I googled Kumanthong and it turns out you can buy them on ebay! They are creepy looking but I guess in these cases they are just ornaments, without the spirit aspect. I hope!

moosemama · 13/10/2015 14:00

I have felt it in a few places.

One is a the area at the bottom of the lane my grandparents' house was on when I was a child. I used to spend every 6 week summer holiday at their house and I was terrified of that area of the lane. At the time, you used to go down the lane and sort of shimmy down a sandy cliff to get to the beach there (the landowner has since closed the fields off so access ends at the bottom of the lane these days) so I would be made to walk through it daily on our way to the beach and would have to close my eyes and run as fast as I could to get into the fields on the other side. As soon as I was past the end of the lane I was absolutely fine, but would have to do the same in reverse on the way home.

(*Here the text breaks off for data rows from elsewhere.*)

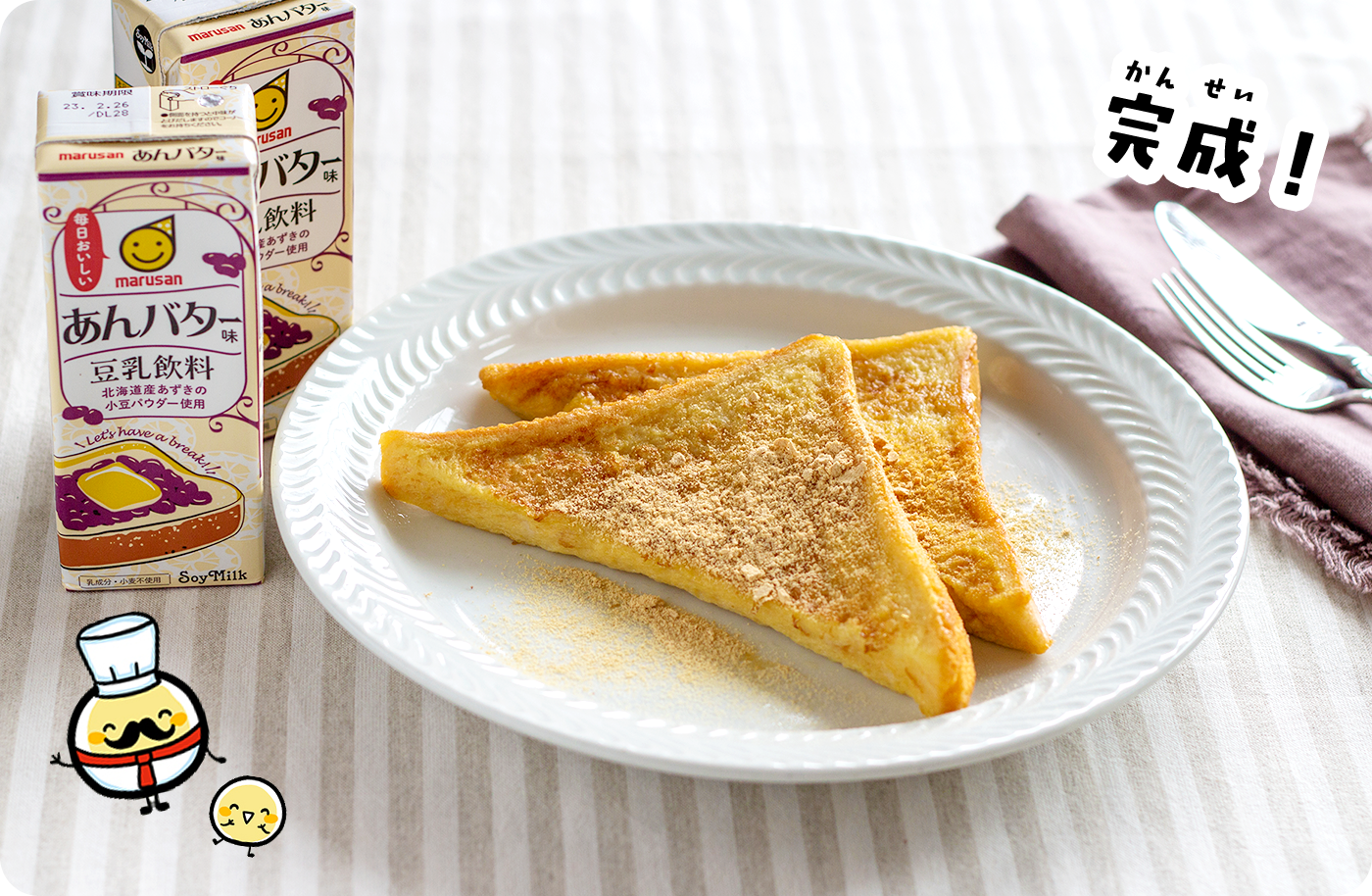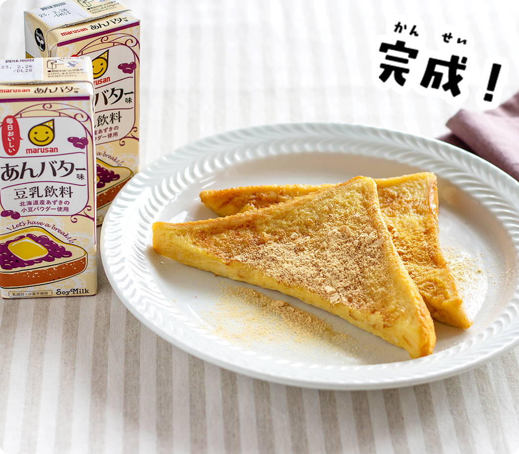卵 をよく溶 いて、豆 乳 飲 料 あんバター味 100mlを加 えてよく混 ぜる
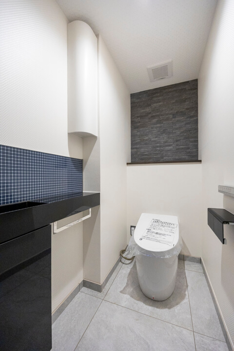 トイレは2ヶ所に造られています。プライベート用と来客用とで使い分けることができるので便利です。また、どちらにも手洗い器が設置されており、その場でサッと身だしなみを整えることができます。
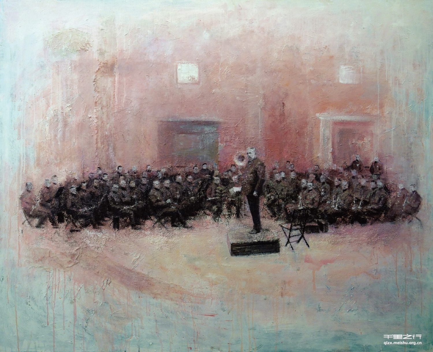 王洁的毕业创作素材来源于二战前后的黑白照片,在创作中她没有拘泥于照片提供的具体形象和元素,着重把握照片的气氛,强化主观感受,对图像元素进行了大量的主观处理。在作品《诉音》中,她让整个画面笼罩在一团粉红的氛围中,有种音乐旋律共振产生的轰鸣感,松动的笔触表现了音乐旋律在空气中颤动的感觉,温暖柔和。
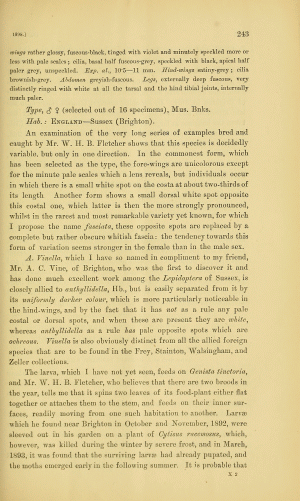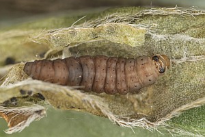Schütze (1931) schrieb: "An Genista tinctoria, lebt wie Anacampsis cincticulella [jetzt Syncopacma cincticulella] zuerst zwischen zusammen gesponnenen Spitzenblättchen, dann unter an den Triebstiel aufwärts angesponnenen Blättchen, welche sie aushöhlt, doch bei weitem nicht so gründlich wie jene. Verwandlung in der Wohnung. Raupen der Herbstgeneration können im Winter gesucht werden, da die angesponnene Blätterreihe nicht abfällt (Schütze)."
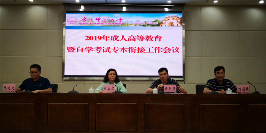 4月27日,廣西師范大學2019年成人高等教育暨自學考試專本銜接工作會議在北海順利召開,此次會議由廣西師范大學繼續(xù)教育學院主辦,育才教育函授站承辦,廣西師范大學繼續(xù)教育學院院長劉玉紅、副院長蔣冬清、陳建光、何創(chuàng)雄以及各函授站(教學點)負責人參加了會議,我函授站站長蔣華參加了會議。
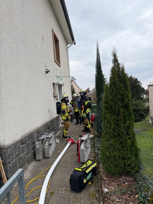 Beim Eintreffen der Einsatzkräfte war die betroffene Wohnung bereits stark verraucht. Ein Trupp unter Atemschutz ging zur Kontrolle und zu Nachlöscharbeiten in das Gebäude vor. Parallel wurde eine Schlauchleitung zur Sicherstellung der Löschwasserversorgung aufgebaut und ein Sicherheitstrupp in Bereitstellung gebracht.
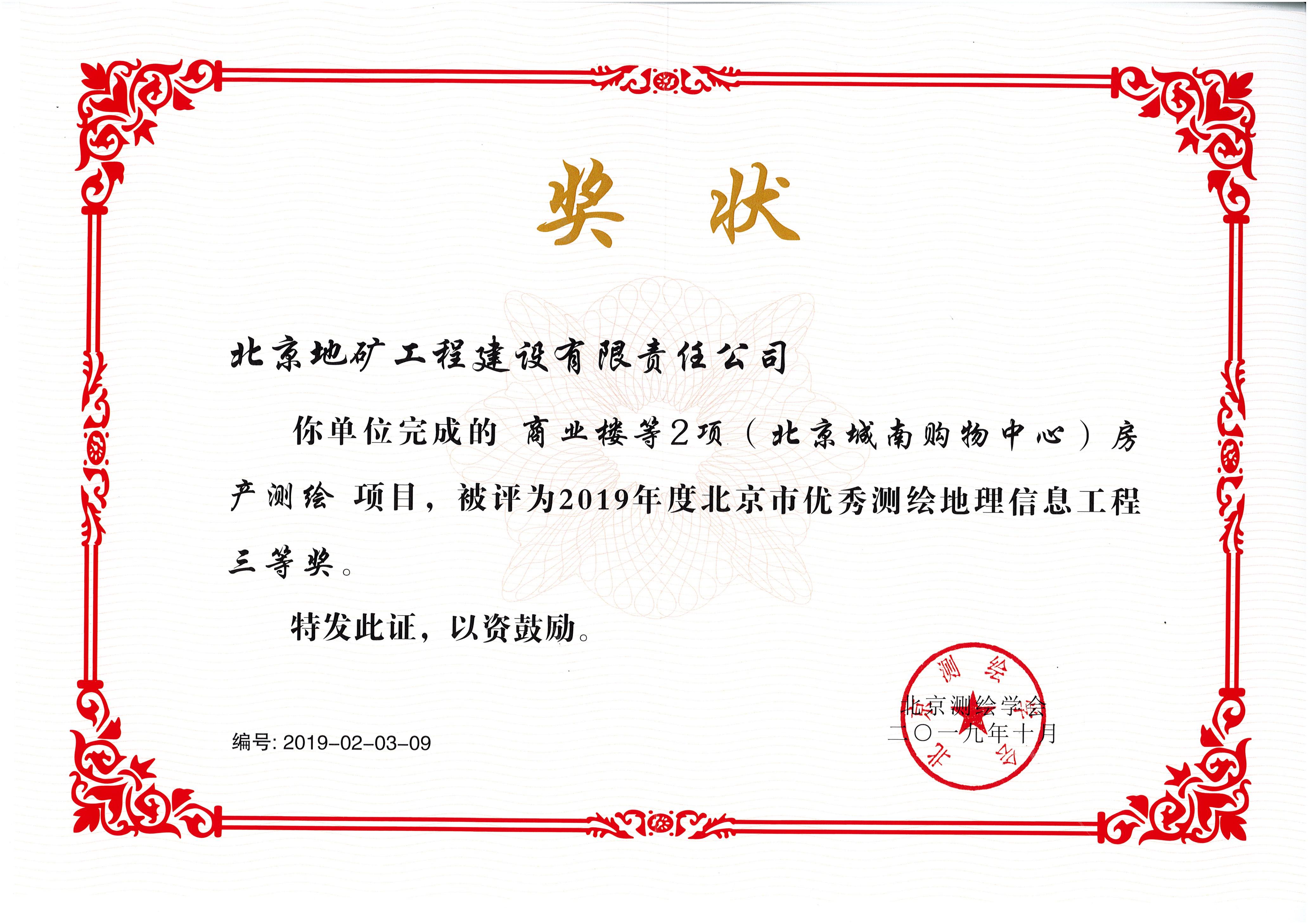 2019年北京城南購物中心測繪獎狀

Years later my df built his own house on the site of my gp's and my family and I regularly travel over for holidays. I still can't go down there. Dh regularly walks the dogs down there and the dcs often go with him. None of them are remotely bothered by it, but I can feel an overwhelming, almost suffocating sense of evil as soon as I start walking in that direction, that just grows and intensifies as I approach the area. I found out fairly recently that, historically, there was one particularly bad sea disaster close by and the bodies of the dead were brought ashore and laid out at that point before being taken on their final journey.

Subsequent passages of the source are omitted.